Looking back, I realized that I made several fatal errors on the day the spin instructor learned my name.
I had seen him walking into the gym with his daughter, and she was so cute that, reflexively, I smiled at her. And when I looked up again, the damage had been done: though people and things continued to spin all around us, as if time had not frozen in that second, he had noticed me. I knew it. For taking notice of his daughter.
Were those halcyon days of slinking into the back row of bikes just as it turned 9:30 am now just a hazy memory? Had I finally, irrevocably singled myself out, made an impression? Would it last? Blast it all! Could just one row of bikes and bobbing asses be enough to conceal me, the woman who had smiled at a young child, from the notice of her doting father? Hardly!
I deceived myself into entertaining that hope, what with the way things are on those kinds of days, people rushing to and fro, the fog of sweat glazing over everyone’s eyes, the fact that I had rushed away before any conversation had taken place. But alas, when I reached my bike–the bike I had signed up for online, at exactly 7:30 am on Thursday morning, 26 hours before the start of class, no earlier and no later, hitting refresh repeatedly until the system allowed me in so that I was sure to get a place in the best class, that bike–#10–had a pair of cages on its pedals! Remnants, they were, from some other, more elementary spinning class where someone–a beginner so new to spinning that they didn’t have the correct shoes yet–had used my bike. My bike, with the scars of its ignominy still hanging off its sacred pedals!
There was no choice to be made: I would have to get them off myself, because Todd, in #9, was busy flirting with the woman who just had a baby six weeks ago and besides, he was no stronger than I, since spinning strengthens your legs to superhuman heights but leaves your arms flabby and vein-ridden. I toiled and twisted at the cages, finally succeeding in pulling off one side, but the left was stubborn and wouldn’t budge. It was 9:28. There were no alternative measures: I would have to ask the spin instructor to remove them for me.

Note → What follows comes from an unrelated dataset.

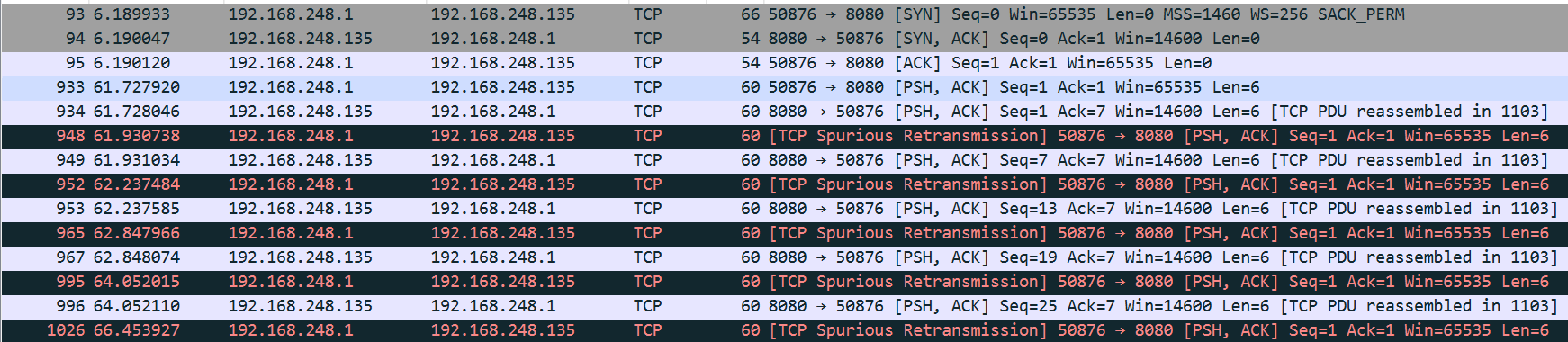 失败了,客户端没有收到服务端的PSH+ACK包,导致一直重发

And if the encounter in the hallway, outside of the Kids Club hadn’t done it, well, he would notice me, then, wouldn’t he? Because even if he couldn’t remember my name, there would always be the class sign-in sheet there, my name perfectly rendered in Helvetica for the world to see! No, not even poor handwriting could save me now! He would see the name and match it to the bike number . . . oh cruel fate! that my beloved #10 would ultimately be my undoing! Yes, he would see it there and it would only become a matter of time before he was yelling my name along with all of the others he tortured throughout the class–Marianna! Maria! Yuna! Rebecca! John!–people with rock-hard quadriceps and hamstrings that tucked neatly into their compact derrieres, all covered in the latest lululemon stretch hotpants–
“ANNA! GIVE ME A HALF-TURN OF RESISTANCE AND FOCUS!”